Some, however, who work feeding these communities every day like Angela Owczarek with the Travelers Aid Society of Greater New Orleans disagree. Owczarek warned that the proposed penalties “removes a vital food source for people who are living outside and already living difficult lives where they are hungry most of the time.”

Under the new restrictions as reported by Fox 8, there would be no “distribution of unsealed food containers.” Nor should anyone, “leave behind litter, food waste, or pans of food or other unsealed bulk foodstuffs that cannot be reasonably consumed in one sitting,” thus precluding bulk donations from restaurants and grocers who historically donate unsold portions.

New Orleans is poised to join dozens of major cities across the country in imposing restrictions on the most admirable, good, Christ-like and charitable impulses of the people, and something that the Big Easy has been known for, for over a century: feeding the hungry. Indeed the culinary capital of the south, the daughter of Paris is like her mother before her about to turn a cold-shoulder to those in need. (*Paris has made controversy by aggressively shipping out homeless people and generally neglecting them for over a decade).

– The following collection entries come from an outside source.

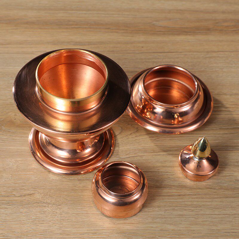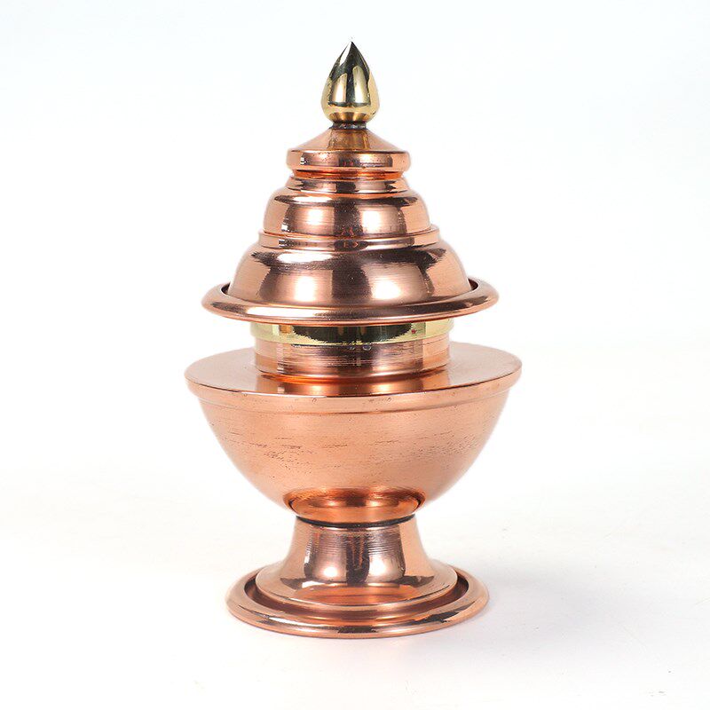 光面红铜尖米盒糌粑盒家用储物罐米罐民族风宝瓶桌面家居摆件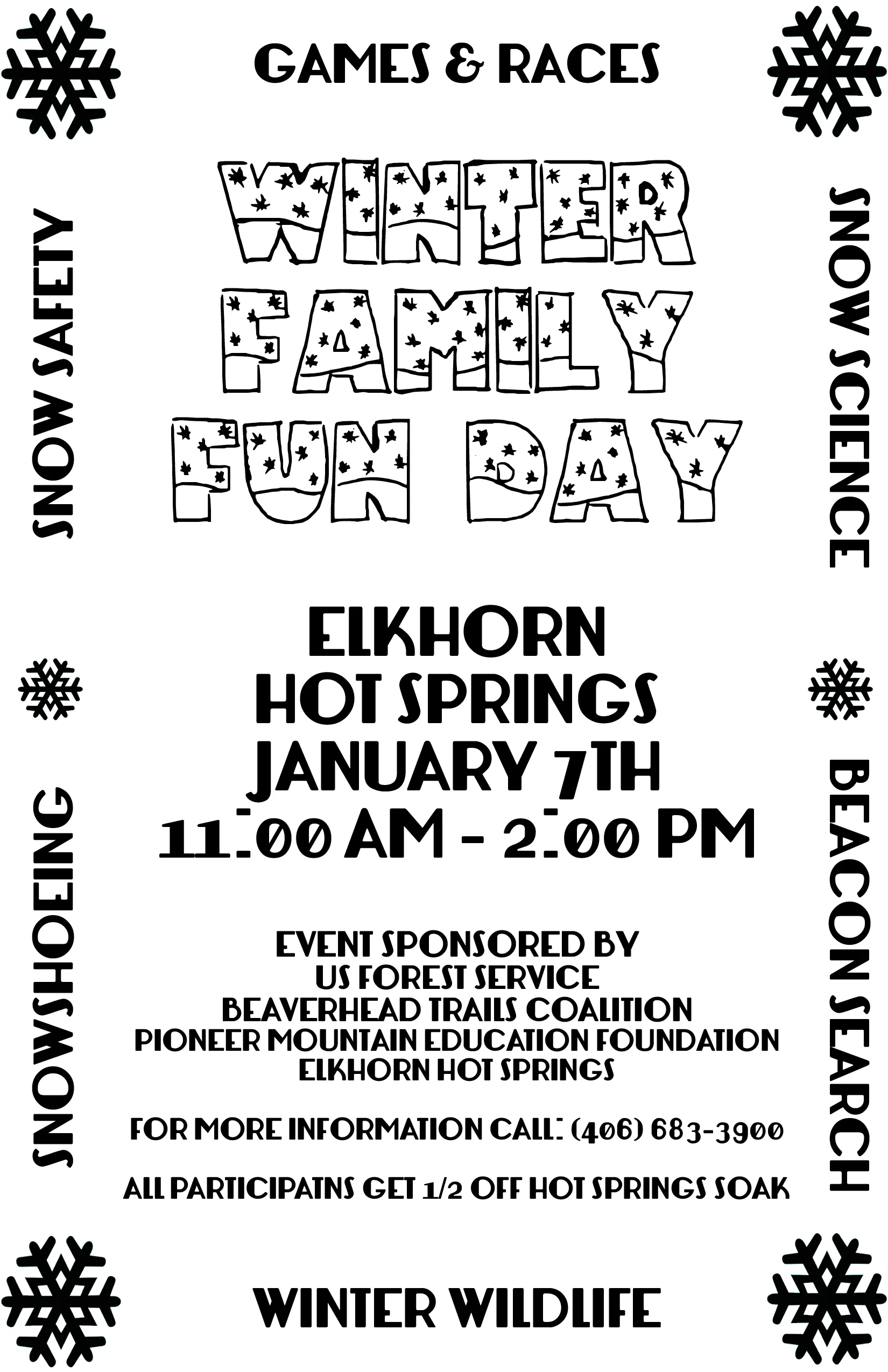Come join us for day of fun enjoying and learning about snow on our local forest. The Winter Family Fun Day is a great time to get outside and enjoy the snow as it piles up this season. Stop by Elkhorn Hot Springs on January 7 between 11AM-2PM to visit stations with everything between fun snow games and cool facts about snow. Stay afterwards for a trip around the ski trails or a 1/2 price soak at the Hot Springs.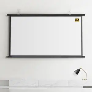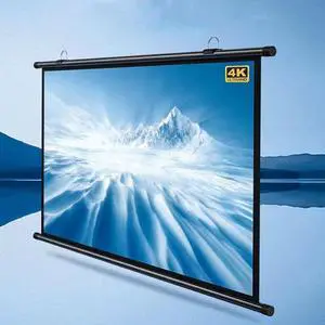 Projector Screen Portable Indoor/Outdoor Movie Theater Screen, Wall Mounted Projector Screen 178° Viewing Angle Movie Widescreen Viewing Movie Screens, Black Backing Manual Pull Down Projector Screen(

For want of sanitation, and instead of working hand in hand with churches and charities the city is instead opting to hand-down restrictions that will make charitable food donations less spontaneous and simple, and thereby less likely.

The back alley doors of some of the greatest restaurants in the South once fed scores of the needy, but now it seems likely those doors will slam shut, with business owners unwilling to pay for packaging and additional trash receptacles. Its easier just to throw out the leftovers.

Simply put, if you want to encourage giving, you don’t make it harder. So why really is New Orleans taking this step instead of the alternatives of better sanitation and more work alongside charitable and faith based organizations? Because its’ simply easier to make the problem go away then to try and actually help.

UPDATE: According to Fox 8 Live Tuesday, the City Council Quality of Life Committee voted to defer the vote on the ordinance to a vote by the full city council allowing for additional debate on the controversial subject. “Let’s work it out and communicate and not be enemies with each other,” Councilman Eugene Green told the committee.